From BBC News
One of the most important parts of this "liberalisation" of the job markets (which was literally approved by the government the same day Spain played in the World Cup, to lessen public attention) is lowering the severance pay for improper firing by about 25%, with a further 17% of the cost to be paid by the state rather than the ex-employer.Spain is taking the right measures for economic stability, the head of the International Monetary Fund has said.
Dominique Strauss-Kahn said he was "confident" Spain's economy would recover and called on all Spaniards to back the government's austerity work.
He was speaking after a meeting in Madrid with Spanish Prime Minister Jose Luis Rodriguez Zapatero.
Mr Zapatero had earlier denied his government was seeking an IMF bailout, but markets have been nervous.
Mr Zapatero said on Thursday that Spain's economy was solid and solvent, and the visit by Dominique Strauss-Kahn was a scheduled one.
'Determination'
Mr Strauss-Kahn said all the measures being put in place by the Spanish government were "clearly being done for the benefit of the economy".
"I am really confident in the medium and long-term prospects for the Spanish economy, providing the efforts that have to be made will be made," he added.
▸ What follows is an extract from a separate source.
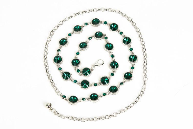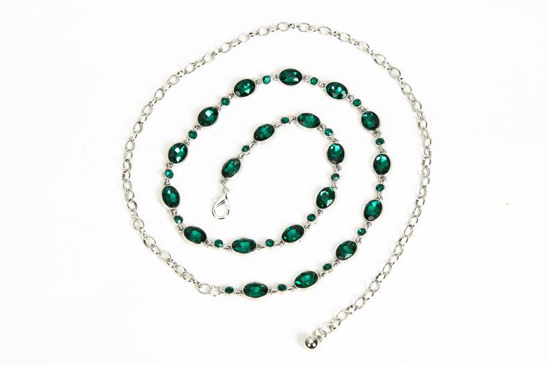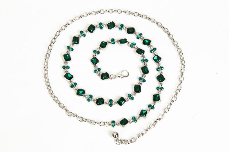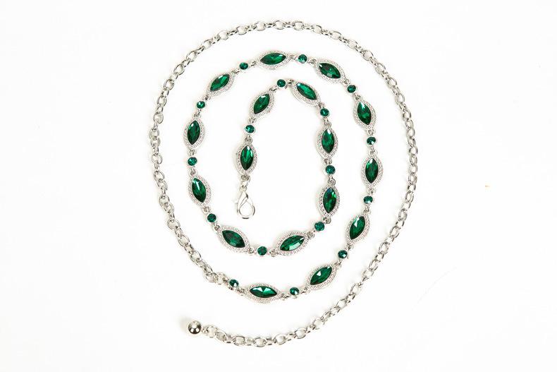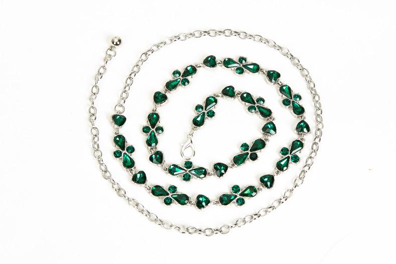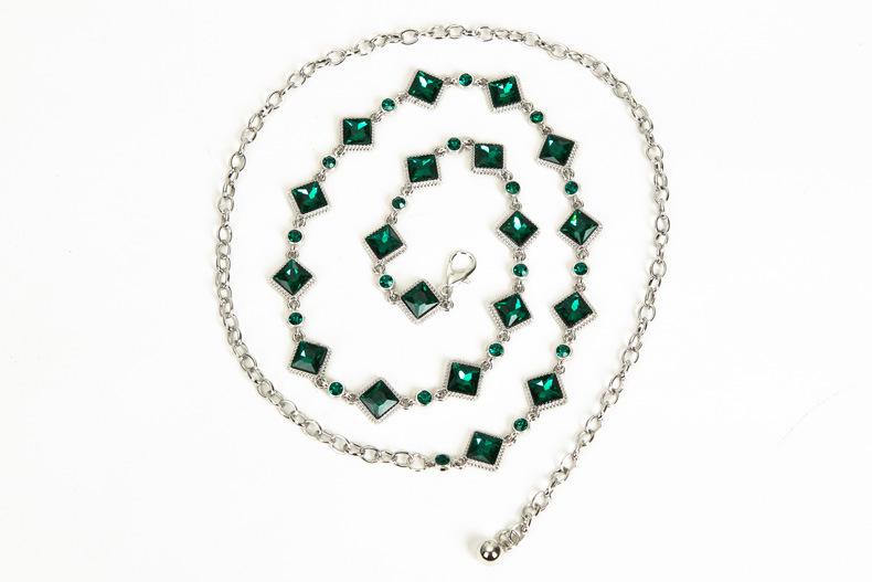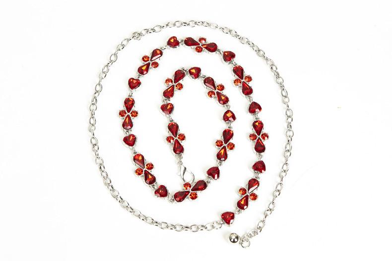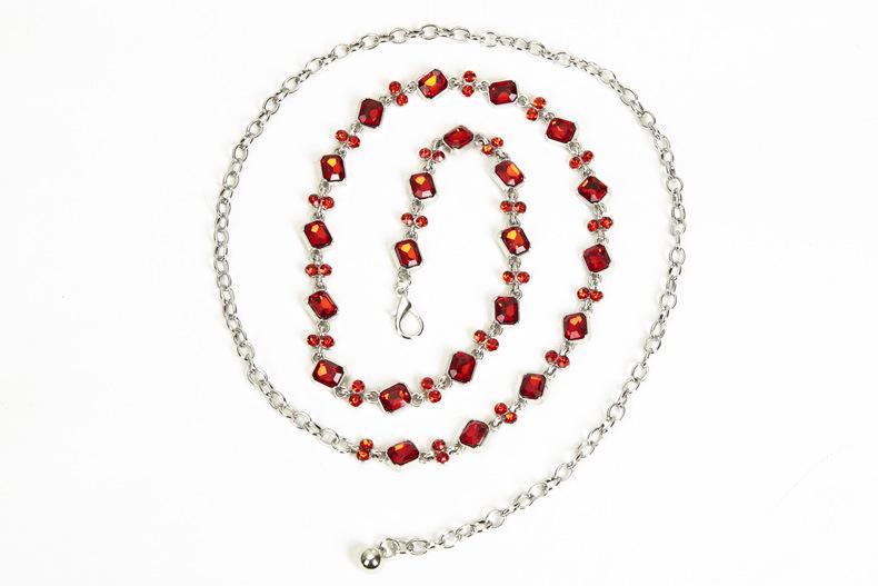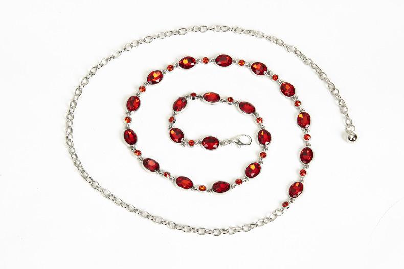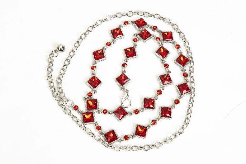 Cinturón rojo de red para mujer, cadena de cintura de alta calidad de verano, accesorios para falda con diamantes de imitación rojos y verdes, nueva cadena plateada con diamantes de imitación de metal.

He specifically praised continuing efforts to liberalise the Spanish labour market, saying they went in "the right direction".
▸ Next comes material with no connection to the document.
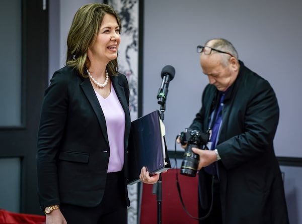 Alberta Premier Danielle Smith, arrives to make an announcement at the Chinese Cultural Centre in Calgary on April 14.Jeff McIntosh/The Canadian Press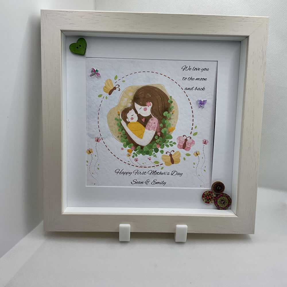Celebrate a first Mother's Day with a thoughtful and unique gift - a personalised handmade frame! This special gift is the perfect way to commemorate this milestone occasion. Handcrafted with care, this frame can be customised with the new mother's name or a heartfelt message. Show your love and appreciation for the new mother in your life with this meaningful and beautiful gift. Perfect for displaying in any home or office, this frame is a wonderful reminder of the joy of becoming a mother.

Mr Zapatero said that during the meeting he had conveyed to Mr Strauss-Kahn "the determination of the Spanish government to implement and to make effective every single one of these reforms that we have launched".
Nervous markets
Mr Zapatero's government recently introduced a package of spending cuts and a reform of the labour market in an attempt to persuade nervous financial markets that Spain's finances are under control.
However, that's a difficult task, as after the crisis in Greece, the financial markets have been concerned that Spain could be the next country to require outside financial assistance.
As a result, Spain is having to pay record rates to sell its debt, and this week a senior banker revealed that Spanish financial institutions are struggling to get funding on international markets.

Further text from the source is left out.